Solving Satisfiability Modulo Counting for Symbolic and Statistical AI Integration With Provable Guarantees
This addresses the challenge of integrating symbolic and statistical AI for real-world applications like social good, offering provable guarantees where previous methods lacked them, though it is incremental as it builds on existing SMC formulations.
The paper tackles the highly intractable Satisfiability Modulo Counting (SMC) problem, which combines symbolic and statistical AI, by proposing XOR-SMC, a polynomial algorithm with NP-oracles that provides constant approximation guarantees and outperforms baselines in experiments on AI for social good problems.
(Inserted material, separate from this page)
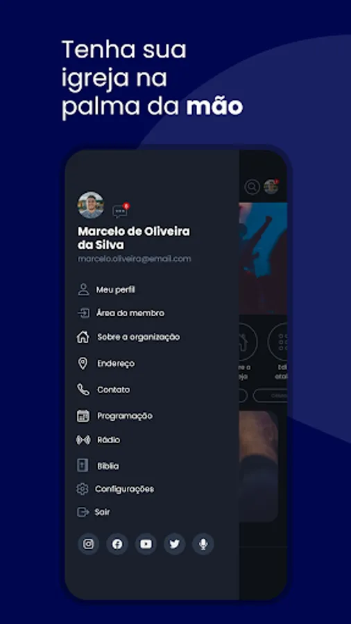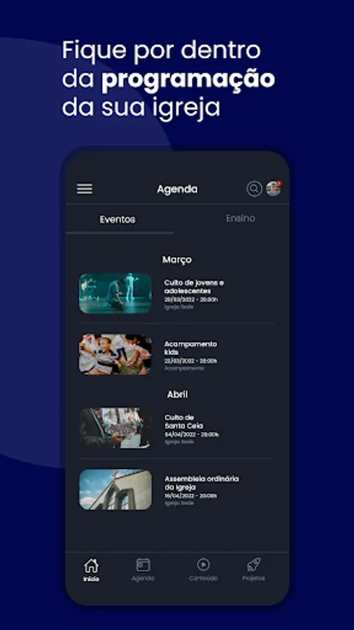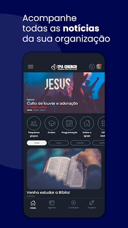 Resources available in the Application: News, Church Agenda, Events, Contents, Projects, Live Transmission and Teaching Module

Satisfiability Modulo Counting (SMC) encompasses problems that require both symbolic decision-making and statistical reasoning. Its general formulation captures many real-world problems at the intersection of symbolic and statistical Artificial Intelligence. SMC searches for policy interventions to control probabilistic outcomes. Solving SMC is challenging because of its highly intractable nature($\text{NP}^{\text{PP}}$-complete), incorporating statistical inference and symbolic reasoning. Previous research on SMC solving lacks provable guarantees and/or suffers from sub-optimal empirical performance, especially when combinatorial constraints are present. We propose XOR-SMC, a polynomial algorithm with access to NP-oracles, to solve highly intractable SMC problems with constant approximation guarantees. XOR-SMC transforms the highly intractable SMC into satisfiability problems, by replacing the model counting in SMC with SAT formulae subject to randomized XOR constraints. Experiments on solving important SMC problems in AI for social good demonstrate that XOR-SMC finds solutions close to the true optimum, outperforming several baselines which struggle to find good approximations for the intractable model counting in SMC.